Plusieurs tribunaux arbitraux ont rendu des décisions en faveur des investisseurs, ordonnant à l'Espagne de verser des compensations. La valeur totale estimée des décisions impayées dépasse 2,3 milliards d'euros, intérêts et frais juridiques compris.
Alors que certaines décisions restent impayées ou contestées, les investisseurs ont cherché leur exécution devant des juridictions situées en dehors de l'Espagne. Des procédures récentes en Belgique portent sur des mesures conservatoires visant des flux de recettes issus des redevances de navigation aérienne espagnoles, collectées par ENAIRE, l'opérateur public espagnol de services de navigation aérienne.
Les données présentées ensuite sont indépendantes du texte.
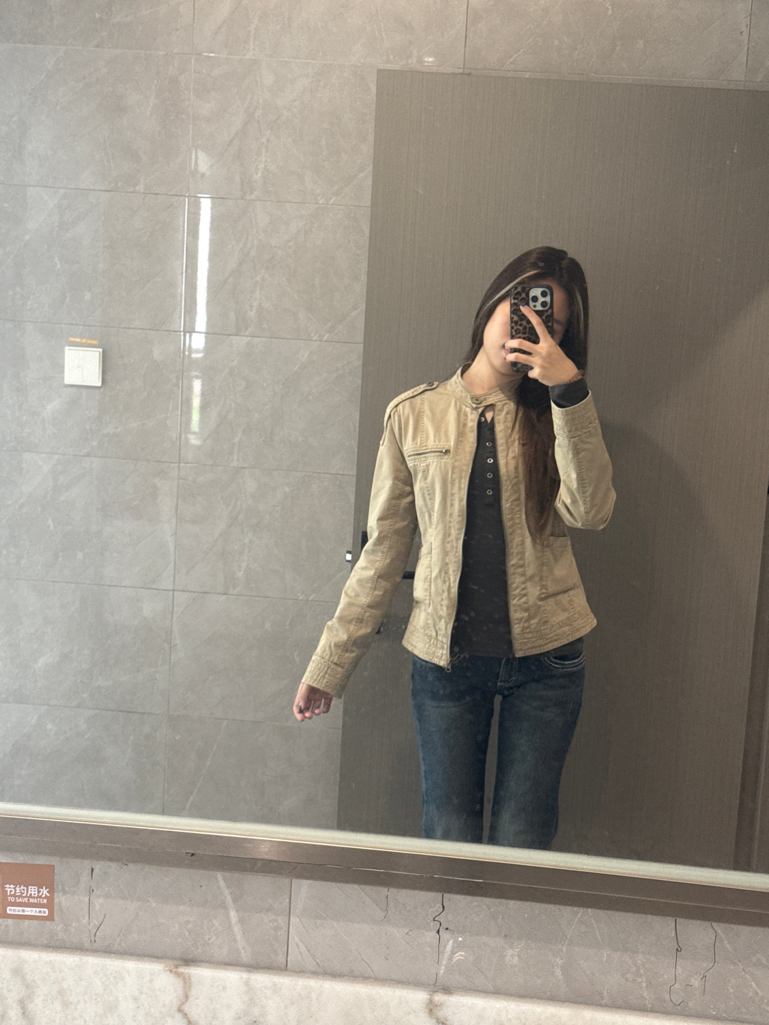 The image shows a person taking a mirror selfie in a tiled bathroom. The person is wearing a tan jacket, a black top, and blue jeans. They are holding a smartphone with a patterned case up to their fa…read more

Les mesures belges concernent des canaux financiers liés aux redevances de l'espace aérien et des services de trafic aérien, et non un contrôle direct ni des aspects opérationnels du trafic aérien espagnol.
Contexte
Le régime initial de subventions espagnol encourageait des investissements importants dans les énergies renouvelables en offrant des rendements fixes à long terme. Les réformes de 2013 ont fortement réduit ces rendements, entraînant une vague d'arbitrages investisseur-État au titre du Traité sur la Charte de l'énergie.
L'Espagne conteste les décisions arbitrales, en faisant valoir que le droit de l'Union prime sur les mécanismes du Traité sur la Charte de l'énergie et que ses réformes visaient à traiter des déficits financiers du secteur de l'électricité. Malgré cela, les investisseurs ont poursuivi des actions d'exécution dans plusieurs juridictions.
Pourquoi c’est important
- L'action engagée en Belgique met en évidence les difficultés persistantes liées à l'exécution de décisions d'arbitrage contre des États souverains, en particulier pour identifier des actifs commerciaux qui ne seraient pas protégés par l'immunité souveraine.
- Cette affaire illustre l'impact financier et juridique à long terme des réformes de politique énergétique, puisque des mesures d'exécution se poursuivent plus d'une décennie après l'adoption des réformes. L'issue pourrait avoir des effets sur les finances de l'État et sur la portée pratique de l'arbitrage investisseur-État en Europe.